Conversion to open surgery was required for 2 patients (one hemangioma in the LICH group and one hepatolithiasis in the LCLH group). Only 1 patient in the LCLH group who required conversion required blood transfusion (9.1%). Operation time was 185 (range, 155–350) minutes in the LICH group and 275 (range, 190–295) minutes in the LCLH group. The blood loss was 250 (range, 200–600) mL in the LICH group and 500 (range, 300–900) mL in the LCLH group, respectively.

Resection margin is an important factor associated with clinical outcome. Surgical margins were negative in all cases with tumors. In the LICH group, the tumor size was 11.8 (range, 1.2–20) cm³, and the resection margin was 1.4 (range, 0.4–2) cm.

Postoperative course

The length of postoperative hospital stay was 7 (range, 4–11) days in the LICH group and 6 (range, 5–9) days in the LCLH group. Three of 11 patients (27.3%) required postoperative analgesia, including 2 patients who underwent conversion.

No mortality occurred in the perioperative period.

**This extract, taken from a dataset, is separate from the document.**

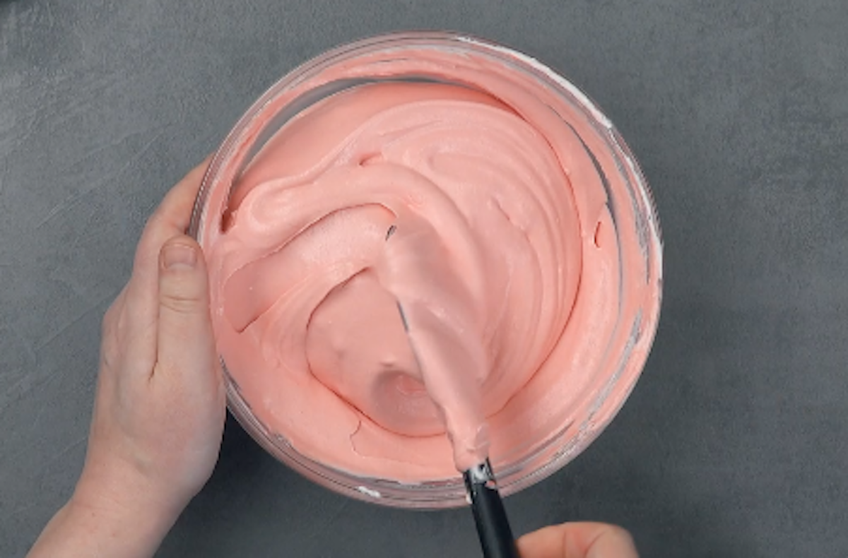 4. Als Nächstes wird die Himbeercreme zubereitet. Gib Frischkäse mit Marmelade in eine Schüssel, verrühre alles gut miteinander und hebe die geschlagene Sahne unter. (Schlage die Sahne am besten mit San-apart auf, so wird die Creme schön fest.)

Two patients experienced two complications. The patient who underwent conversion in the LICH group experienced temporary respiratory distress and a pleural effusion and recovered without intervention (Clavien Grade I). One patient with hepatolithiasis in the LCLH group was treated with antibiotics for an intraabdominal infection (Clavien Grade II). No cases of postoperative bleeding, biliary leakage, or liver failure occurred. Intraoperative cholangiography was routinely performed in patients with hepatolithiasis. No residual stone was found in any of 5 cases.